Your assignment: The listing below is to be copied exactly, with pictures excluded.

Data:

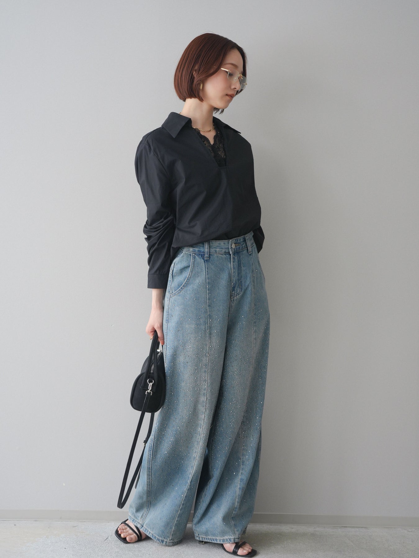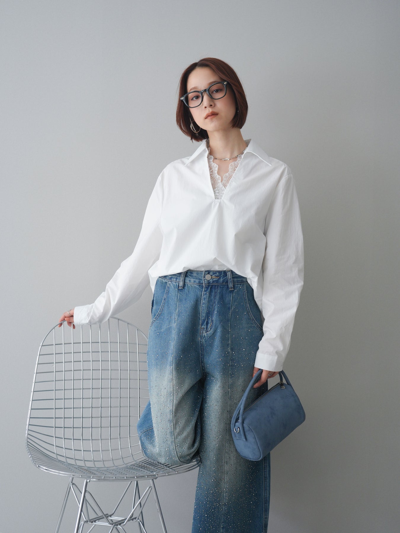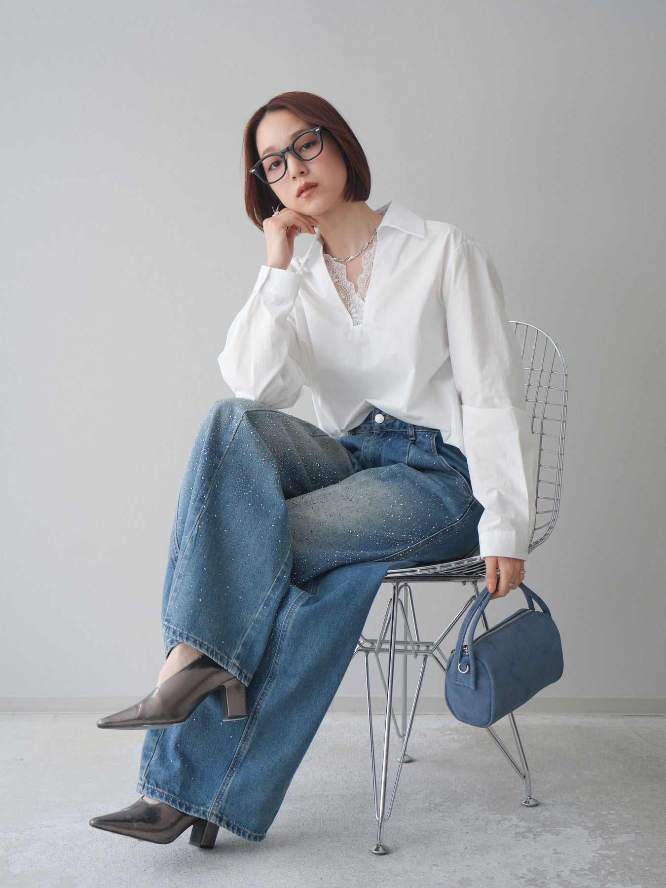 [SET]レースネックスキッパーブラウス+フロントビジューカーブデニムパンツ(2set)
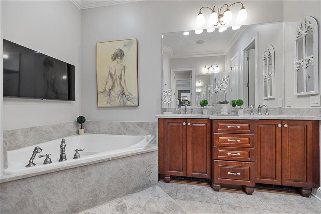 Nestled in the stunning Money Hill Golf community, this meticulously maintained home sits on a sprawling 1.5-acre manicured lot, offering the perfect combination of luxury, comfort, and cutting-edge design. Featuring four spacious bedrooms and five bathrooms, this residence exemplifies both refined living and exceptional entertaining. Inside, discover an open-concept layout enhanced by elegant crown molding throughout, and a chef’s kitchen that will impress even the most discerning cook—complete with a Sub-Zero refrigerator, Wolf gas stove, butler’s pantry, and wine pantry. A cozy fireplace anchors the living area, while the enclosed sunroom offers the perfect setting for a pool table or relaxed gatherings. The fully equipped media room with projector television provides a true theater experience, and an 8x10 safe room/vault adds peace of mind. This fully automated smart home allows seamless control of lighting, temperature, entertainment, and security systems—all at the touch of a button. Step outside to enjoy resort-style living with a sparkling pool and spa, fully appointed outdoor kitchen with all the bells and whistles, outdoor fireplace, and a fire pit made for entertaining family and friends under the stars. The home features two separate garages accommodating up to four vehicles plus a recreational vehicle or golf cart, each with lift elevator access for effortless storage—no heavy lifting needed. A whole-house generator ensures uninterrupted comfort and convenience. The property also offers two driveways, providing privacy and easy access for homeowners and guests alike. This extraordinary residence is an entertainer’s dream, blending sophistication, innovation, and timeless elegance in one of the Northshore’s most desirable golf communities. Don't miss this incredible find priced below appraisal!
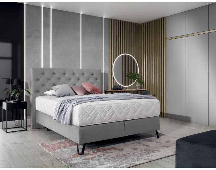 Pre naštartovanie sa do nového dňa a pre jeho úspešné zvládnutie je hlavnou podmienkou dobre sa vyspať a dokonale si oddýchnuť vo svojej pohodlnej, mäkkej a dizajnovo nádhernej posteli. Jednou z nich je aj čalúnená manželská posteľ CANARA 180. Krásne vysoké čelo doplnené prešívaním, detailné čierne kovové vysoké nohy a nádherné farebné prevedenie svetlosivá ju robia neuveriteľne originálnou. Na čalúnenie postele bola použitá prijemná látka Nube. Látka Nube je vysokokvalitná, odolná, príjemná na dotyk s hmotnosťou 325 g/m2 a odolnosťou voči oderu podľa Martindale testov viac ako 100000 cyklov. Je tiež odolná proti žmolkovaniu, je vodeodolná, lesklá a elegantná. Celkové rozmery tejto postele boxpringového štýlu sú (ŠxHxV): 198x215x130 cm, výška sedu je 69 cm, spacia plocha má šírku 180 cm a nožičky sú vysoké 15 cm, vďaka ktorým je zabezpečená vzdušnosť postele. Dodáva sa bez matraca, ktorý je možné zakúpiť z našej ponuky. Canara zabezpečí tie najlepšie podmienky pre kvalitný, ničím nerušený spánok.
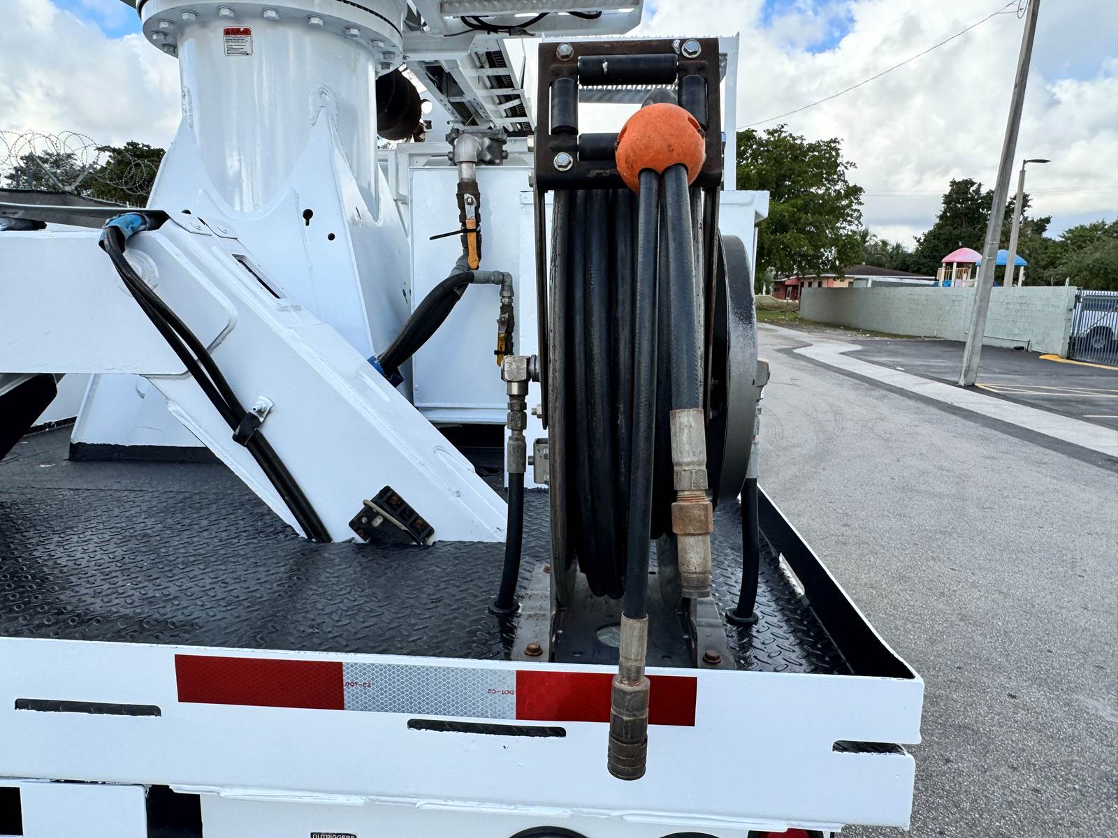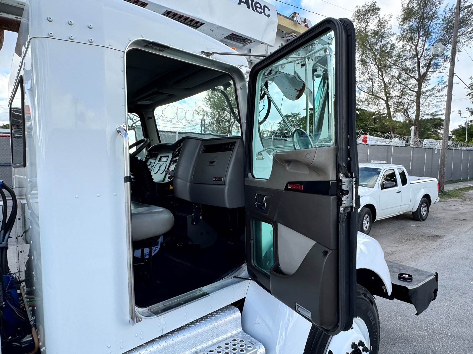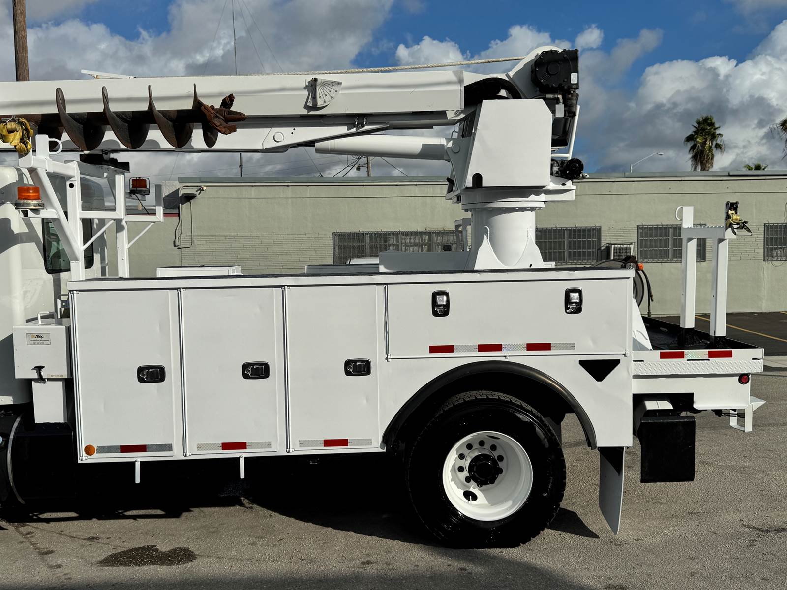 The Altec DM47B features a 47-foot sheave height and 37.3-foot horizontal reach, supported by a three-section hydraulic telescopic boom. Built for precision and power, it includes an 18-inch auger, hydraulic pole grabs, a 2-speed digger drive, and continuous rotation capability. The boom offers Category C (46kV) insulation for safe electrical utility work and includes hydraulic side-load protection, heel winch, and an Altec Opti-View control seat for enhanced visibility and operator control.

Worked solution:
 [SET]レースネックスキッパーブラウス+フロントビジューカーブデニムパンツ(2set)
 Nestled in the stunning Money Hill Golf community, this meticulously maintained home sits on a sprawling 1.5-acre manicured lot, offering the perfect combination of luxury, comfort, and cutting-edge design. Featuring four spacious bedrooms and five bathrooms, this residence exemplifies both refined living and exceptional entertaining. Inside, discover an open-concept layout enhanced by elegant crown molding throughout, and a chef’s kitchen that will impress even the most discerning cook—complete with a Sub-Zero refrigerator, Wolf gas stove, butler’s pantry, and wine pantry. A cozy fireplace anchors the living area, while the enclosed sunroom offers the perfect setting for a pool table or relaxed gatherings. The fully equipped media room with projector television provides a true theater experience, and an 8x10 safe room/vault adds peace of mind. This fully automated smart home allows seamless control of lighting, temperature, entertainment, and security systems—all at the touch of a button. Step outside to enjoy resort-style living with a sparkling pool and spa, fully appointed outdoor kitchen with all the bells and whistles, outdoor fireplace, and a fire pit made for entertaining family and friends under the stars. The home features two separate garages accommodating up to four vehicles plus a recreational vehicle or golf cart, each with lift elevator access for effortless storage—no heavy lifting needed. A whole-house generator ensures uninterrupted comfort and convenience. The property also offers two driveways, providing privacy and easy access for homeowners and guests alike. This extraordinary residence is an entertainer’s dream, blending sophistication, innovation, and timeless elegance in one of the Northshore’s most desirable golf communities. Don't miss this incredible find priced below appraisal!
 Pre naštartovanie sa do nového dňa a pre jeho úspešné zvládnutie je hlavnou podmienkou dobre sa vyspať a dokonale si oddýchnuť vo svojej pohodlnej, mäkkej a dizajnovo nádhernej posteli. Jednou z nich je aj čalúnená manželská posteľ CANARA 180. Krásne vysoké čelo doplnené prešívaním, detailné čierne kovové vysoké nohy a nádherné farebné prevedenie svetlosivá ju robia neuveriteľne originálnou. Na čalúnenie postele bola použitá prijemná látka Nube. Látka Nube je vysokokvalitná, odolná, príjemná na dotyk s hmotnosťou 325 g/m2 a odolnosťou voči oderu podľa Martindale testov viac ako 100000 cyklov. Je tiež odolná proti žmolkovaniu, je vodeodolná, lesklá a elegantná. Celkové rozmery tejto postele boxpringového štýlu sú (ŠxHxV): 198x215x130 cm, výška sedu je 69 cm, spacia plocha má šírku 180 cm a nožičky sú vysoké 15 cm, vďaka ktorým je zabezpečená vzdušnosť postele. Dodáva sa bez matraca, ktorý je možné zakúpiť z našej ponuky. Canara zabezpečí tie najlepšie podmienky pre kvalitný, ničím nerušený spánok.
 The Altec DM47B features a 47-foot sheave height and 37.3-foot horizontal reach, supported by a three-section hydraulic telescopic boom. Built for precision and power, it includes an 18-inch auger, hydraulic pole grabs, a 2-speed digger drive, and continuous rotation capability. The boom offers Category C (46kV) insulation for safe electrical utility work and includes hydraulic side-load protection, heel winch, and an Altec Opti-View control seat for enhanced visibility and operator control.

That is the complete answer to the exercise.